On call: Anticoagulation following hip replacement

On call

Anticoagulation following hip replacement

Q. I had a hip replacement operation eight years ago and I've had a wonderful result. Now I'm ready to have my other hip done. Last time, I had blood-thinning shots in the hospital, but this time my orthopedist also wants me to take a pill at home for a month. Is it really necessary?

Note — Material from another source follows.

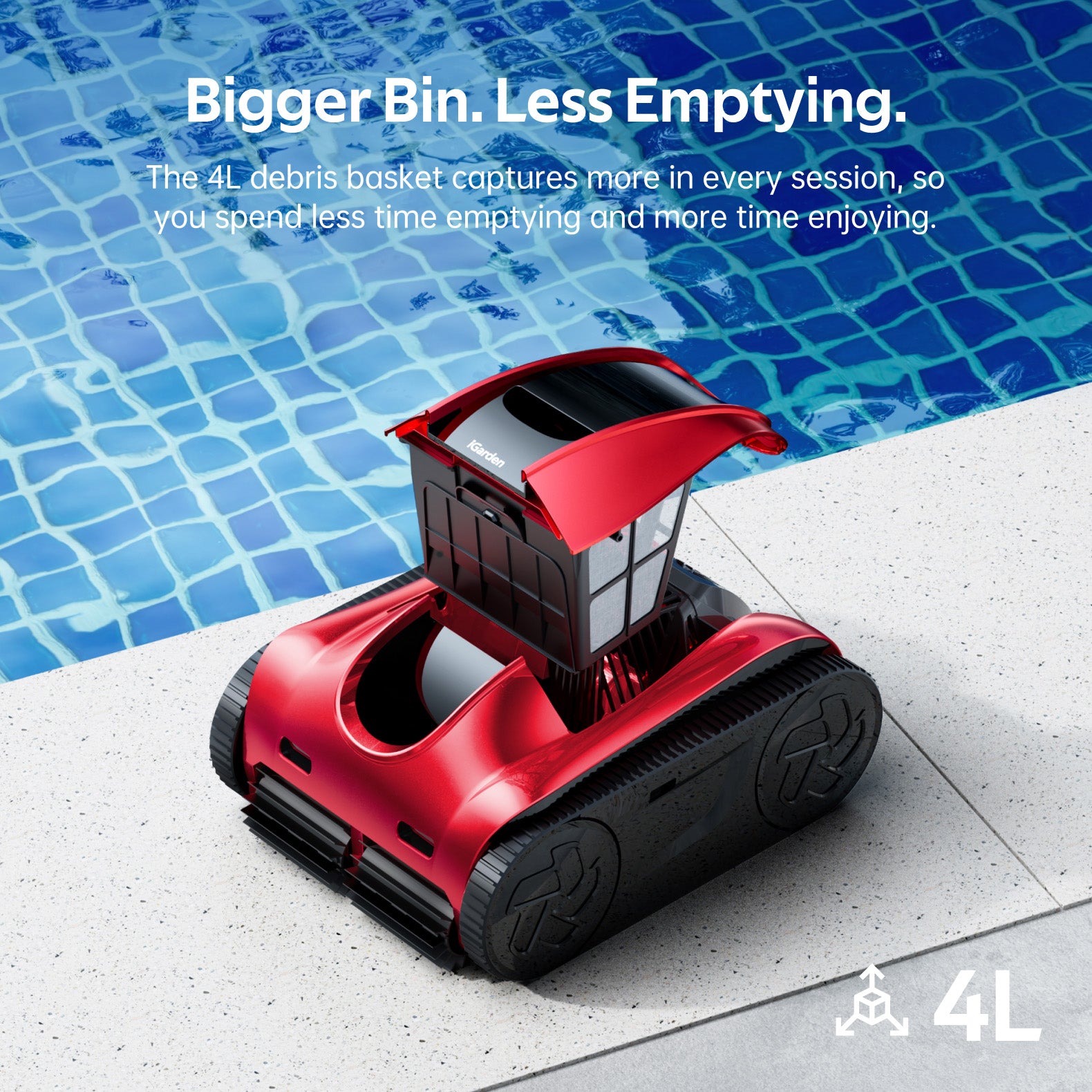 Runs for extended time—clean more, empty less, with a large debris basket.

A. You do need anticoagulants ("blood thinners") to prevent deep venous thrombosis (DVT) blood clots in the veins of your legs. Bed rest itself can lead to DVT, which is why many medical patients are given preventive treatment while they are hospitalized. But surgical patients who have hip or knee replacement are at even higher risk, since the operation puts pressure on the veins that adds to the reduction in blood flow caused by immobility. DVT is a serious complication. And it's even more dangerous if a blood clot breaks off from a leg vein and travels to the lung (pulmonary embolism). As a result, most orthopedists prescribe injections of one of the low-molecular-weight heparins in the early postoperative period, then switch to treatment with warfarin (Coumadin) tablets. Doctors don't yet know exactly how long to continue anticoagulation once their patients are up and around at home; most recommend at least two weeks of Coumadin, but a useful study suggests that a month is even better.

Anticoagulants do pose a risk of bleeding, but with proper precautions, the risk is low. On balance, your doctor's recommendation is very reasonable — and you should be glad that he's changing his practice to stay in tune with evolving research.